DenisVieriu97 · 2023-04-24T02:47:50Z

Use bindless Argument Buffers (unbounded arrays) for advanced indexing kernels - this allows caching of the PSOs since we don't have to query anymore the main metal function for the AB size (this is filled directly now on the CPU).

* Add pso caching for advanced indexing kernels * Fix build on macos 12 * Fix macOS Monterey build * Fix build failure * Use MPSAllocator buffer pool to allocate memory for indexing kernels * Revert changes

pytorch-bot · 2023-04-24T02:47:54Z

🔗 Helpful Links

🧪 See artifacts and rendered test results at hud.pytorch.org/pr/99855

📄 Preview Python docs built from this PR
📄 Preview C++ docs built from this PR
❓ Need help or want to give feedback on the CI? Visit the bot commands wiki or our office hours

Note: Links to docs will display an error until the docs builds have been completed.

❗ 1 Active SEVs

There are 1 currently active SEVs. If your PR is affected, please view them below:

ROCm jobs are failing with No space left on device

✅ No Failures

As of commit eeac863:
💚 Looks good so far! There are no failures yet. 💚

This comment was automatically generated by Dr. CI and updates every 15 minutes.
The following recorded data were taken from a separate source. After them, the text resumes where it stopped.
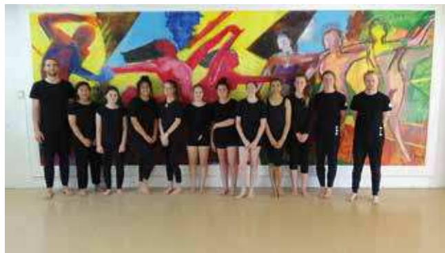
Our Specialist Dance students with host dancers
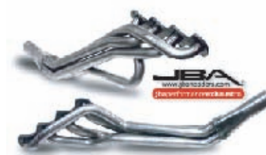
JBA Long Tube Headers Part No. 6675S

JBA also offers long tube headers, shorty headers, and h-pipes for the 05-06 Mustang. For more information about these and other quality performance products from JBA visit www.jbaheaders.com
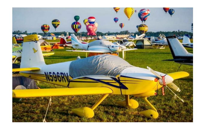
Vans's RV-9 Travel Weight Canopy Cover at Sun 'n Fun

Travel Covers are made with Silver Solution-Dyed Polyester fabric and only lined over the windshield to save weight. The material is lightweight and more compact for easy stowage in the aircraft. The polyester material is water resistant, but only intended for occasional use outside. We also have an ultra lightweight material available for fitted hangar dust covers. For daily outdoor use, the non-travel Sunbrella Cover is the best choice.
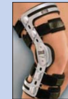
M.4 Rs. 36809/-
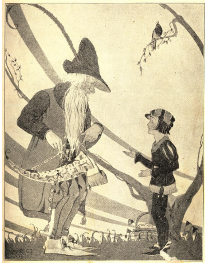
"How much does a dream cost?" asked Peter. "A golden florin," answered the Seller of Dreams

Very glad to be still alive, Peter rubbed his eyes, took up his basket of eggs, and went down the road whistling.
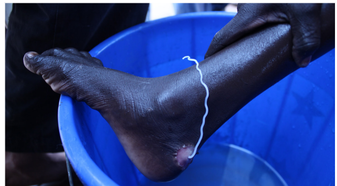
Figure 1. Guinea worm emerging from the foot of a patient in South Sudan

Despite a prolonged civil war, there was a 95% reduction in reported cases of GWD in South Sudan between 1995
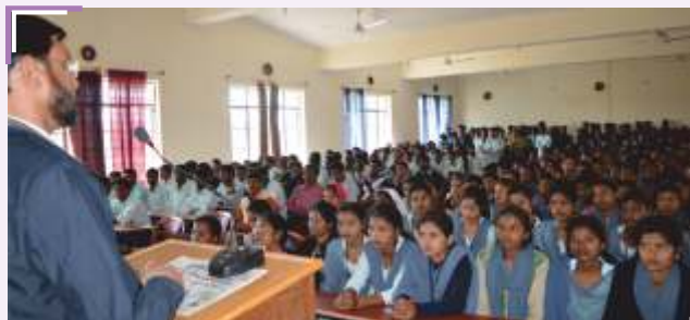
Workshop on Unity in Diversity
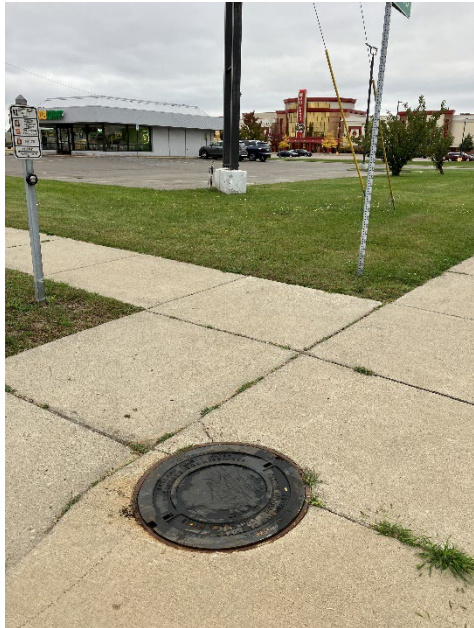
TRT134012 N Main St & E Maple Rd Halfpenny
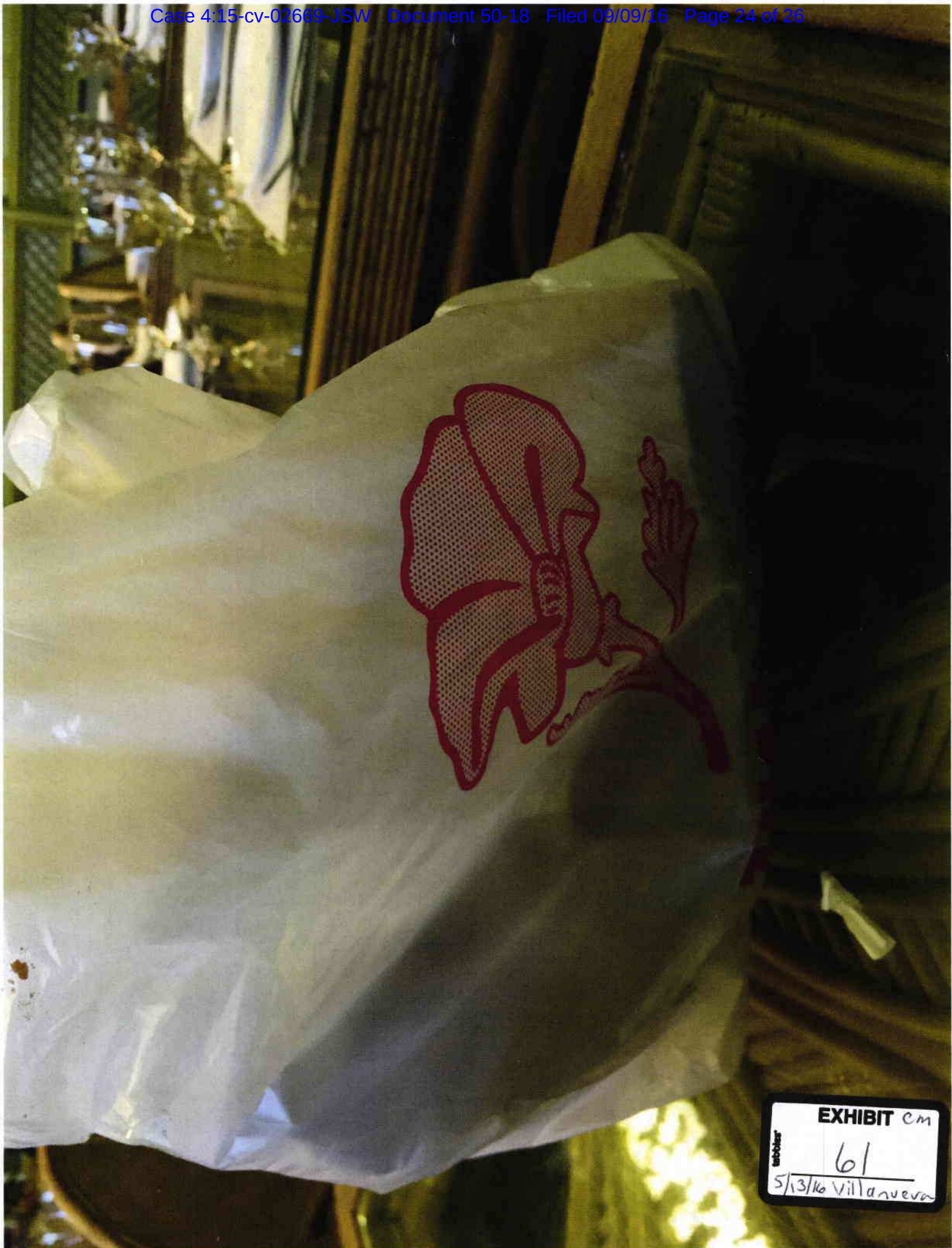
EXHIBIT cm 61 5/13/16 Villanueva
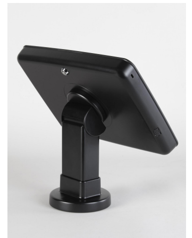
ISO Counter Stand
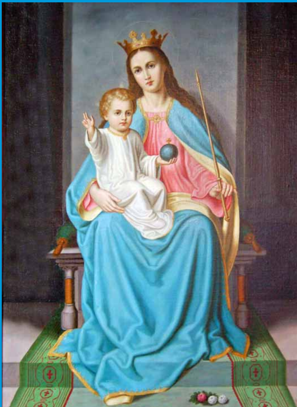
unknown European artist, mid-1800's St. Bonaventure Monastery, Detroit (originally at St. Elizabeth's, Milwaukee)

ST. BONAVENTURE SECULAR FRANCISCANS ✕ DETROIT, MICHIGAN
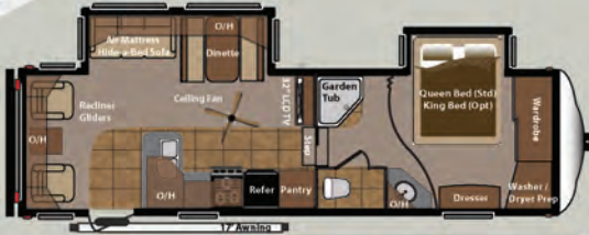
285RLD LENGTH: 31' 7" WEIGHT: 9,470 HITCH: 2,105
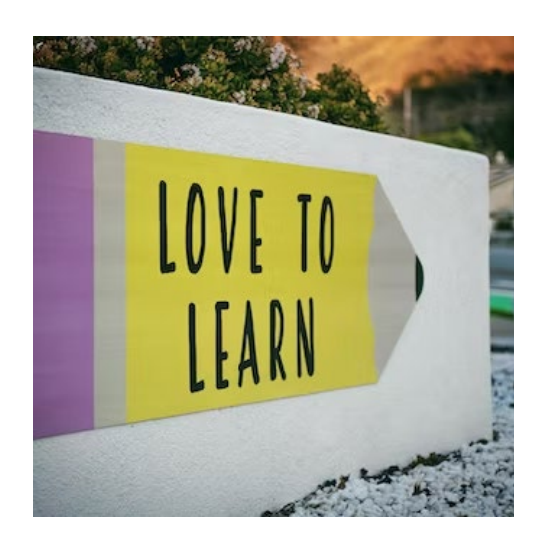
Competency Based Education Models
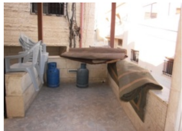
Figure 3: The balcony in the urban setting, representing a potential risk of fall.

Comparing the three settings: The observations of the homes indicated a similar high number of hazards among all settings, as presented in Table 2. The hazards that appeared for most of the families in the three settings were under the following categories: heating (N:12), electrical socket (N:11), sharp object (N:11), hob (N:10), and flooring (N:10). No water storage hazards were observed in any of the settings. Baby walker hazards also were not observed at the time of the study, although some of the families reported having them in the past (Table 2).
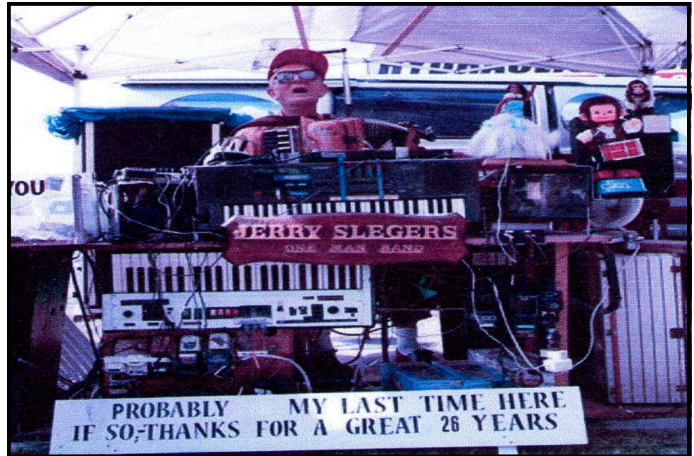
Opening act for Steve Miller Band.
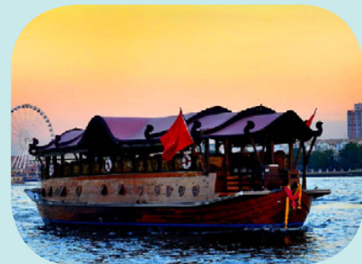
Manohra Luxurious Dinner Cruise
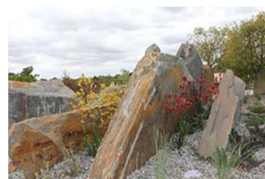
13 Local rock focal points
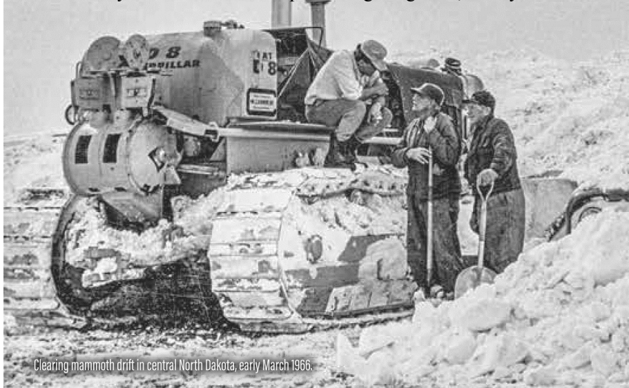
Clearing mammoth drift in central North Dakota, early March 1966.
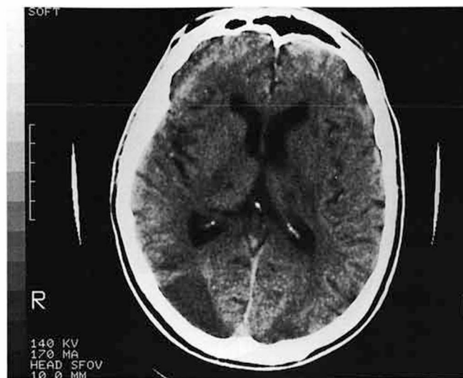
Fig. 2. CT 48 days after the first signs and 14 days after the first CT showed well circumscribed lesions of both occipital branches of the occipital lobes, more on the right side, with sparing of the visual cortex bilaterally and with symmetrical lacunar infarctions in the lateral parts of both thalami.

infarctions of the occipital lobes restricted to the top of the lobes (fig. 1). The patient's condition deteriorated further with disturbances of consciousness, persistent agitation with screaming and yelling and a paresis (3/5) of the right arm and leg. A control CT 11 days after onset disclosed more extensive hypodensities in both occipital (occipital and calcarinal) lobes and in the left temporal branches. She died 17 days after onset of the first neuropsychological signs. Examination of the brain demonstrated infarctions of the occipitotemporal lobes on the left side and occipitobasal infarctions on the right. There were confluent necrotic foci in the medial part of the pulvinar with infiltration of foam cells and necrotic foci near the central tegmental tract. The occipitobasal infarctions were above all subcortical and irregular, with pycnotic nuclei and cortical spongiosis. The findings were compatible with multiple embolic infarctions. Examination of the heart revealed an old posterior infarction in the lower one-third of the left ventricle, without mural thrombus.
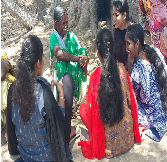
Students of Annammal College of Education having one to one chat with the villagers about plastic usage and waste.

On Aug 29th, DAIA and Annammal College organized an awareness program on 'Plastic Waste' at Jambulingapuram.

kulinseth · 2023-04-24T15:39:47Z

@pytorchbot merge -f "All tests are green"

pytorchmergebot · 2023-04-24T15:41:43Z

Merge started

Your change will be merged immediately since you used the force (-f) flag, bypassing any CI checks (ETA: 1-5 minutes).

Learn more about merging in the wiki.

Questions? Feedback? Please reach out to the PyTorch DevX Team

Advanced Debugging

Check the merge workflow status
here

qqaatw · 2023-05-10T06:59:30Z

aten/src/ATen/mps/MPSDevice.h

@@ -66,7 +66,8 @@ class TORCH_API MPSDevice {
   */
  bool isMacOS13Plus(MacOSVersion version) const;

-  MTLFunction_t metalIndexingFunction(const std::string &kernel, MTLFunctionConstantValues_t constantValues);
+  MTLComputePipelineState_t metalIndexingFunction(const std::string &kernel);


Hi @DenisVieriu97, do you think it would be better to rename it as metalIndexingPSO? If so, I can propose a PR for it.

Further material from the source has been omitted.